The Railway and Modern Life
Ever since the invention of trains, and because of it, travel has been the symbol and symptom of modernity: trains—along with bicycles, buses, cars, motorcycles, and airplanes—have been exploited in art and commerce as the sign and proof of a society’s presence at the forefront of change and innovation. In most cases, however, the invocation of a particular form of transport as the emblem of novelty and contemporaneity was a one-time thing. Bicycles were “new” just once, in the 1890s. Motorbikes were “new” in the 1920s, for Fascists and Bright Young Things (ever since they have been evocatively “retro”). Cars (like planes) were “new” in the Edwardian decade and again, briefly, in the 1950s; since then and at other times they have indeed stood for many qualities—reliability, prosperity, conspicuous consumption, freedom—but not “modernity” per se.
Trains are different. Trains were already modern life incarnate by the 1840s—hence their appeal to “modernist” painters. They were still performing that role in the age of the great cross-country expresses of the 1890s. Nothing was more ultra-modern than the new, streamlined superliners that graced the neoexpressionist posters of the 1930s. Electrified tube trains were the idols of modernist poets after 1900, in the same way that the Japanese Shinkansen and the French TGV are the very icons of technological wizardry and high comfort at 190 mph today. Trains, it would seem, are perennially modern—even if they slip from sight for a while. Much the same applies to railway stations. The petrol “station” of the early trunk road is an object of nostalgic affection when depicted or remembered today, but it has been constantly replaced by functionally updated variations and in its original form survives only in nostalgic recall.
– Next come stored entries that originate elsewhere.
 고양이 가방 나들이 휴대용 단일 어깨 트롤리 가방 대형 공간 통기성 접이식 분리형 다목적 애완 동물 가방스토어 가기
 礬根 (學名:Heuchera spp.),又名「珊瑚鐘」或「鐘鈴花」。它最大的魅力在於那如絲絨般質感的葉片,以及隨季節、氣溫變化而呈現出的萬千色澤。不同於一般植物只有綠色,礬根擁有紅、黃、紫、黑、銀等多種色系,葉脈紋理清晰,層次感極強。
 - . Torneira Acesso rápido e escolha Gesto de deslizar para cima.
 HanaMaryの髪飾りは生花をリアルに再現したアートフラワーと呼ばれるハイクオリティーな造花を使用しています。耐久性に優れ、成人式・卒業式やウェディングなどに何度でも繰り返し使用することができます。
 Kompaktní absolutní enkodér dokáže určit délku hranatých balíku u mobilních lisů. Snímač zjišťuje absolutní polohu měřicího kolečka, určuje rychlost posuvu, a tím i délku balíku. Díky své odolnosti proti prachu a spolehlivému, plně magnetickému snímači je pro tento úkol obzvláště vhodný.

Airports typically (and irritatingly) survive well past the onset of aesthetic or functional obsolescence; but no one would wish to preserve them for their own sake, much less suppose that an airport built in 1930 or even 1960 could be of use or interest today.
But railway stations built a century or even a century and a half ago—Paris’s Gare de l’Est (1852), London’s Paddington Station (1854), Bombay’s Victoria Station (1887), Zurich’s Hauptbahnhof (1893)—not only appeal aesthetically and are increasingly objects of affection and admiration: they work. And more to the point, they work in ways fundamentally identical to the way they worked when they were first built. This is a testament to the quality of their design and construction, of course; but it also speaks to their perennial contemporaneity. They do not become “out of date.” They are not an adjunct to modern life, or part of it, or a byproduct of it. Stations, like the railway they punctuate, are integral to the modern world itself.
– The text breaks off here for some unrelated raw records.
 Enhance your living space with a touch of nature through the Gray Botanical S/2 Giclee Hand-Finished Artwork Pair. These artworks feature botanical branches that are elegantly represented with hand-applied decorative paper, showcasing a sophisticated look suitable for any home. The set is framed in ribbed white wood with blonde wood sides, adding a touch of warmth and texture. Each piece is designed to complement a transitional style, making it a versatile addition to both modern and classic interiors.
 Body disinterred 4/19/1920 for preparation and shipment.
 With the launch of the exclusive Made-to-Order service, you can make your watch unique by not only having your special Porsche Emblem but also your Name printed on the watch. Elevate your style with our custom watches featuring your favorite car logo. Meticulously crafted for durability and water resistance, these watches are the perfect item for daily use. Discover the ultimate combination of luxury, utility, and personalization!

We often find ourselves asserting or assuming that the distinctive feature of modernity is the individual: the unreducible subject, the freestanding person, the unbound self, the unbeholden citizen. This modern individual is commonly and favorably contrasted with the dependent, deferential, unfree subject of the pre-modern world. There is something in this version of things, of course; just as there is something in the accompanying idea that modernity is also a story of the modern state, with its assets, its capacities, and its ambitions. But taken all in all, it is, nevertheless, a mistake—and a dangerous mistake. The truly distinctive feature of modern life—the one with which we lose touch at our peril—is neither the unattached individual nor the unconstrained state. It is what comes in between them: society. More precisely civil—or (as the nineteenth century had it) bourgeois—society.
The railways were and remain the necessary and natural accompaniment to the emergence of civil society. They are a collective project for individual benefit. They cannot exist without common accord (and, in recent times, common expenditure), and by design they offer a practical benefit to individual and collectivity alike. This is something the market cannot accomplish—except, on its own account of itself, by happy inadvertence. Railways were not always environmentally sensitive—though in overall pollution costs it is not clear that the steam engine did more harm than its internally combusted competitor—but they were and had to be socially responsive. That is one reason why they were not very profitable.
If we lose the railways we shall not just have lost a valuable practical asset whose replacement or recovery would be intolerably expensive. We shall have acknowledged that we have forgotten how to live collectively. If we throw away the railway stations and the lines leading to them—as we began to do in the 1950s and 1960s—we shall be throwing away our memory of how to live the confident civic life. It is not by chance that Margaret Thatcher—who famously declared that “there is no such thing as Society. There are individual men and women, and there are families”—made a point of never traveling by train. If we cannot spend our collective resources on trains and travel contentedly in them it is not because we have joined gated communities and need nothing but private cars to move between them. It will be because we have become gated individuals who don’t know how to share public space to common advantage. The implications of such a loss would far transcend the demise of one system of transport among others. It would mean we had done with modern life.
—This is the second part of a two-part essay.